Il convient de relever que, postérieurement à l'ordonnance entreprise, Mme [V] verse aux débats des constats d'huissier en date des 11, 15 mai et 26 juillet 2023 faisant état de deux ou trois véhicules garés au milieu du passage, devant la propriété de Mme [H], de telle manière qu'ils empêchent à des véhicules d'accèder à la propriété de Mme [V] en passant par le portail situé à l'extrémité du chemin litigieux, et ce, alors même que, s'ils étaient stationnés les uns derrière les autres, cela n'entraverait pas le passage, ce que reconnaît Mme [H] elle-même dans la sommation interpellative du 28 juillet 2023 en indiquant que le passage est libre, nos deux véhicules et la mercedes grise de ma belle-fille sont garés serrés du même côté permettant le passage comme vous pouvez le constater, les photographies qui y sont annexées illustrant ses propos.
Il y a donc lieu de confirmer l'ordonnance entreprise de ce chef.
Sur la demande de remboursement du coût des constats d'huissier
Aux termes de l'article 835 alinéa 2 du code de procédure civile, le président du tribunal judiciaire ou le juge du contentieux de la protection, dans les limites de sa compétence et dans les cas ou l'existence de l'obligation n'est pas sérieusement contestable, peuvent accorder une provision au créancier ou ordonner l'exécution de l'obligation même s'il s'agit d'une obligation de faire.
Ils ne peuvent donc accorder qu'une provision au créancier, à l'exclusion du prononcé de toute condamnation définitive.
En l'espèce, Mme [V] sollicite la condamnation de l'appelante à lui payer la somme de 960 euros au titre du coût des constats d'huissier.
Or, une telle demande excède les pouvoirs du juge des référés, tels que définis par l'article précité, comme n'étant pas formée à titre provisionnel.

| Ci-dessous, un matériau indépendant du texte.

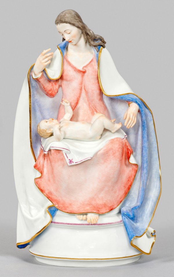 Auf gehöhtem, ovalem Sockel thronende Maria in langem, rotem Gewand sowie weißem Mantel mit blauem Innenfutter. Auf ihrem Schoß liegendes, nacktes Jesuskind auf weißem, verziertem Tuch. Polychrome Malerei mit Goldrand. Entw. Ludwig Nick, um 1928/1930. Modell-Nr. A 1235. Schwertermarke. H. 31,5 cm.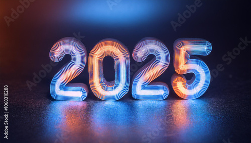 Neon glowing number 2025 on dark background. New Year. 3D rendering.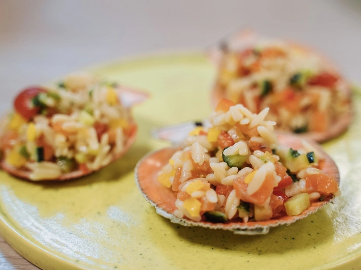 Сварить орзо по рецепту, указанному на упаковке (в кипящую подсоленную воду засыпать пасту орзо (из расчета на 100 г пасты 500 мл воды). Варить на медленном огне под крышкой 13-15 минут, периодически помешивая. Откинуть на дуршлаг и слить воду). Остудить. Одинаково мелко нарезать форель, огурец, перец. Черри нарезать на четвертинки. Смешать все ингредиенты, посолить, заправить маслом, тщательно перемешать. Подавать на половинках створок от гребешков.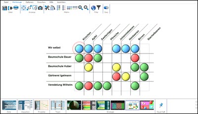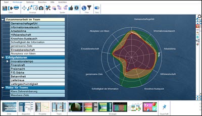 Nutzen Sie die Spider-Ansicht zur systematischen Arbeit an Ihren Erfolgsfaktoren. Oder nutzen Sie sie zur Team-Entwicklung z.B. mit der Radar-Methode nach Helmut Clemm ...
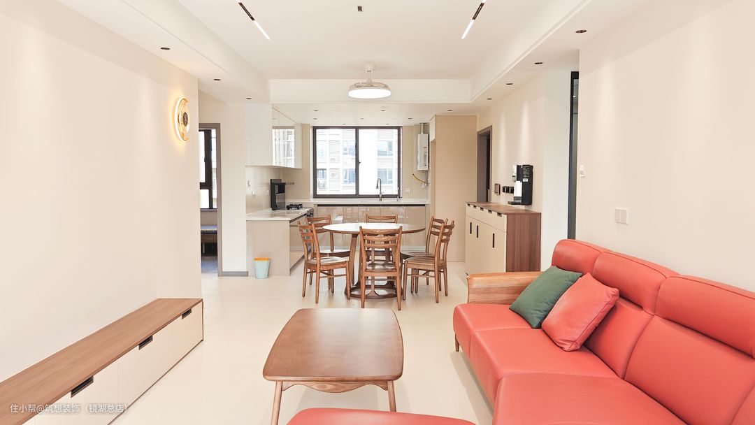客厅与餐厅并入一体,设计亮点在于设计师把一个整体空间划割成为客厅、餐厅、阳台3个功能区,全开放式布局,没有一丁点的拥挤感。把主卧门洞改到餐厅边上,缩短了回卧室的路程,更适合居家生活动线。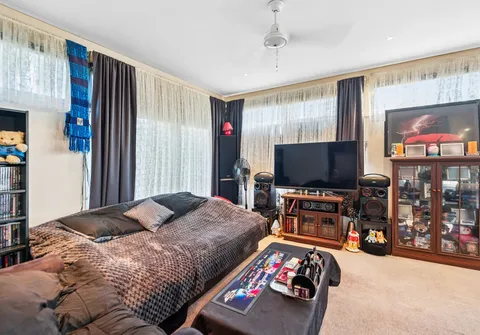 - Spacious bedroom with ceiling fan, built-in robe and access to bathroom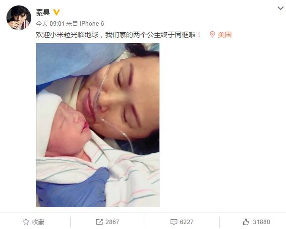 大早,秦昊发微博晒妻子伊能静与刚出生女儿的合照,并配文称:“欢迎小米粒光临地球,我们家的两个公主终于同框啦!”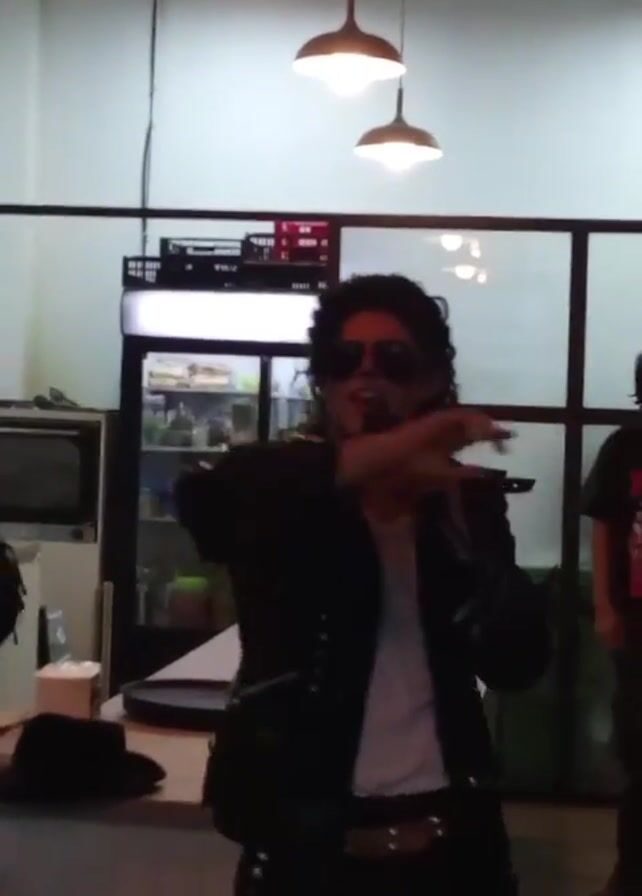 person dressed as Michael Jackson singing into a microphone. The person is wearing a black leather jacket, sunglasses, a white T-shirt, and black pants. A wide belt is around their waist. They are standing in a room with white walls and hanging lights. Behind them is a counter with a woman working. There is also a refrigerator and other kitchen equipment. Another person stands to the side. The Michael Jackson impersonator is holding the microphone close to their mouth and is gesturing with their other hand.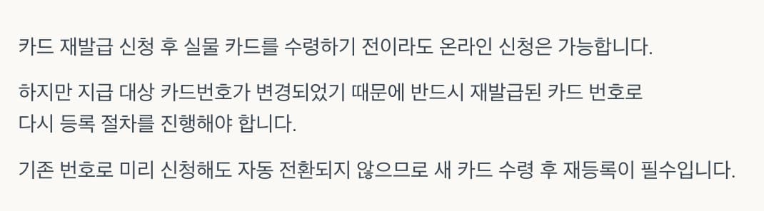 새 카드 수령 후 재등록이 필수입니다.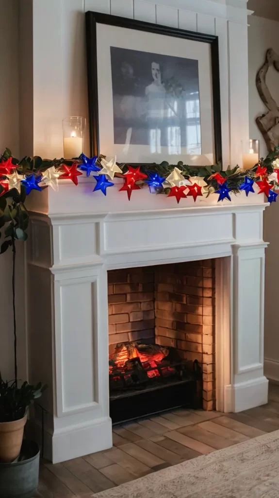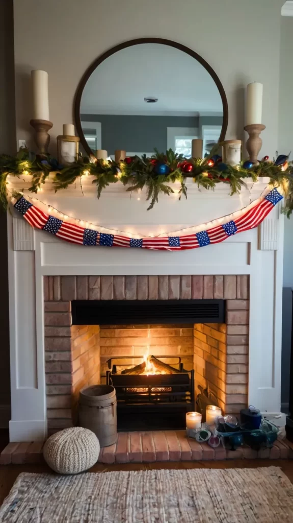 A classic yet vibrant way to add patriotic flair is with a garland in the traditional colors draped over your mantel.

Dès lors que la cour est saisie des prétentions des parties formulées par voie de conclusions, régulièrement transmises et signifiées ou notifiées dans le cas où la partie a constitué avocat, antérieurement à l'ordonnance de clôture, une note en délibéré adressée à la demande de la cour afin de permettre aux parties de répondre à un moyen soulevé d'office ne peut les régulariser.
Dans ces conditions, il n'y a pas lieu à référé sur la demande de remboursement formée par Mme [V] à l'encontre de Mme [H].
Sur l'article 700 du code de procédure civile et les dépens
Il convient de confirmer l'ordonnance déférée en ce qu'elle a condamné Mme [H] aux dépens et à verser à Mme [V] la somme de 2 400 euros sur le fondement des dispositions de l'article 700 du code de procédure civile.
Mme [H], qui succombe au litige, supportera les dépens de la procédure d'appel.
En tant que partie perdante, elle sera déboutée de sa demande formulée sur le fondement de l'article 700 du code de procédure civile.
Il serait en revanche inéquitable de laisser à la charge de Mme [V] les frais non compris dans les dépens qu'elle a exposés pour sa défense en cause d'appel, de sorte que Mme [H] sera condamnée à leur verser la somme de 3 000 euros sur le fondement de ce texte.
PAR CES MOTIFS
La cour,
Confirme l'ordonnance entreprise en toutes ses dispositions ;
Statuant à nouveau et y ajoutant,
Dit n'y avoir lieu à référé sur la demande de remboursement formée par Mme [S] [V] à l'encontre de Mme [B] [H] au titre du coût des constats d'huissier ;
Condamne Mme [B] [H] à payer à Mme [S] [V] la somme de 3 000 euros sur le fondement de l'article 700 du code de procédure civile ;
Déboute Mme [B] [H] de sa demande formée sur ce même fondement ;
Condamne Mme [B] [H] aux dépens d'appel.